(Data under study)
^^^^
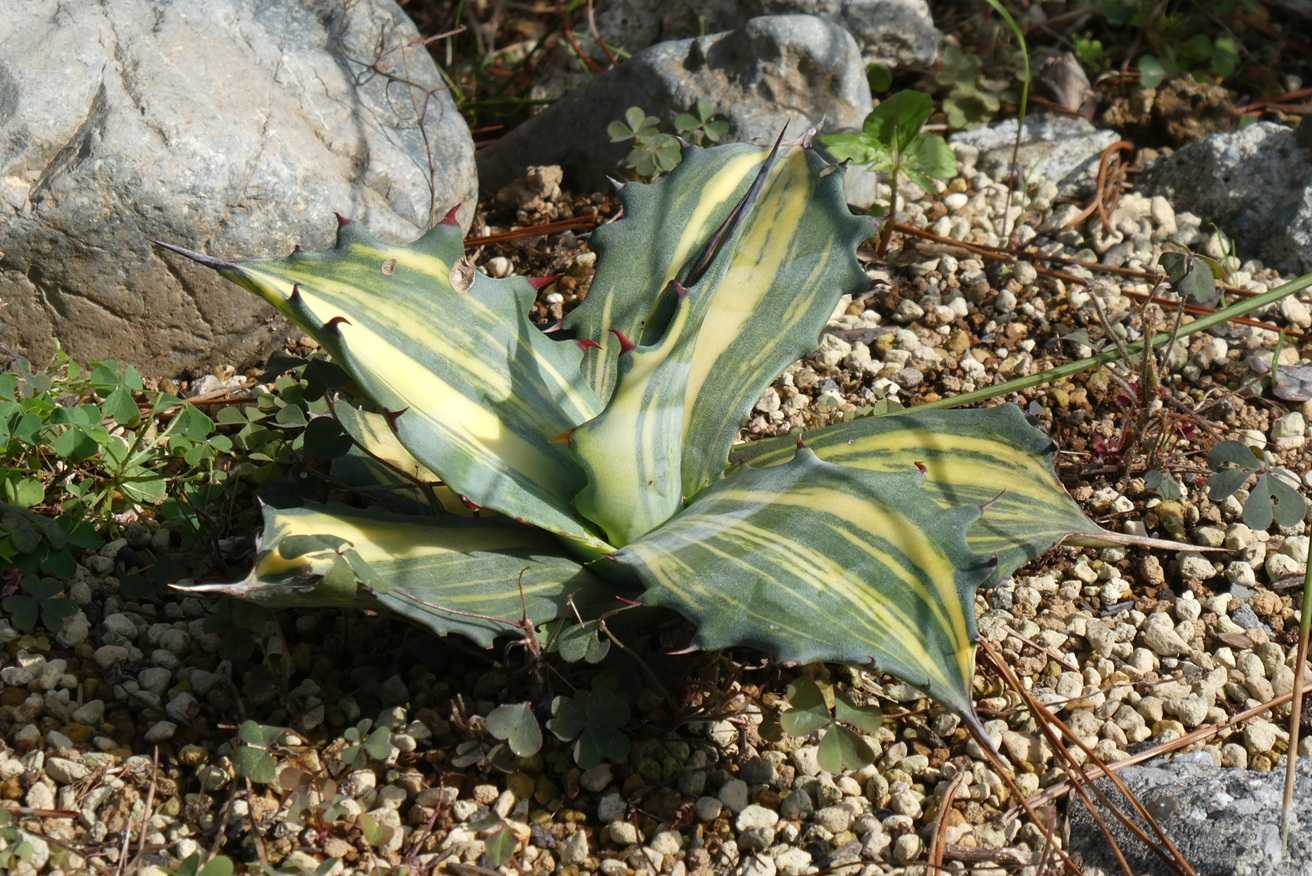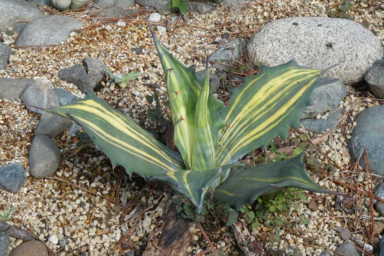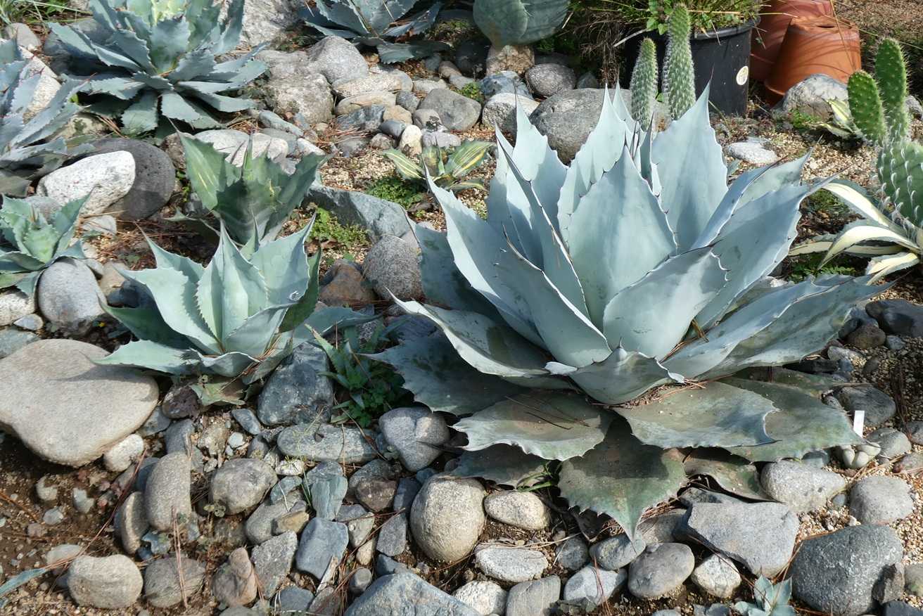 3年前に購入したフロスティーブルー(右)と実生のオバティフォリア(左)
^^^^
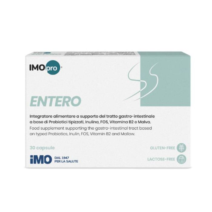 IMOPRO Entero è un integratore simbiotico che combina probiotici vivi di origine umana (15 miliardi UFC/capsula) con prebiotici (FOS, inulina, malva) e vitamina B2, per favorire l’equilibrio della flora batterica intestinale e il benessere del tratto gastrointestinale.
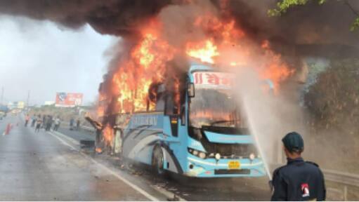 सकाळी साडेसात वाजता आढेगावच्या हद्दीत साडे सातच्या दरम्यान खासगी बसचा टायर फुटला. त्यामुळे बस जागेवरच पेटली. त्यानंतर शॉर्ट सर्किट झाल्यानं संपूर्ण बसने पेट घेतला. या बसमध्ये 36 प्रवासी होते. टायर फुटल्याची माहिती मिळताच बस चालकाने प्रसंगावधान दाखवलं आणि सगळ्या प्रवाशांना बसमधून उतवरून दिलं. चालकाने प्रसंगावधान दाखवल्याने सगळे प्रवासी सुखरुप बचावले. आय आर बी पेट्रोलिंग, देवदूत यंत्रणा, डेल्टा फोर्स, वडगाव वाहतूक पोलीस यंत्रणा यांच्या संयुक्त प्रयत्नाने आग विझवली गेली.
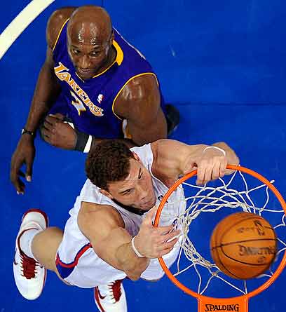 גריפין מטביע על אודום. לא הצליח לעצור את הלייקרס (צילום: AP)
^^^^
(Problem details) From the records above, copy only the lines running from the line holding "सकाळी साडेसात वाजता" through the line holding "גריפין מטביע על", with no pictures.

(Final answer)
 सकाळी साडेसात वाजता आढेगावच्या हद्दीत साडे सातच्या दरम्यान खासगी बसचा टायर फुटला. त्यामुळे बस जागेवरच पेटली. त्यानंतर शॉर्ट सर्किट झाल्यानं संपूर्ण बसने पेट घेतला. या बसमध्ये 36 प्रवासी होते. टायर फुटल्याची माहिती मिळताच बस चालकाने प्रसंगावधान दाखवलं आणि सगळ्या प्रवाशांना बसमधून उतवरून दिलं. चालकाने प्रसंगावधान दाखवल्याने सगळे प्रवासी सुखरुप बचावले. आय आर बी पेट्रोलिंग, देवदूत यंत्रणा, डेल्टा फोर्स, वडगाव वाहतूक पोलीस यंत्रणा यांच्या संयुक्त प्रयत्नाने आग विझवली गेली.
 גריפין מטביע על אודום. לא הצליח לעצור את הלייקרס (צילום: AP)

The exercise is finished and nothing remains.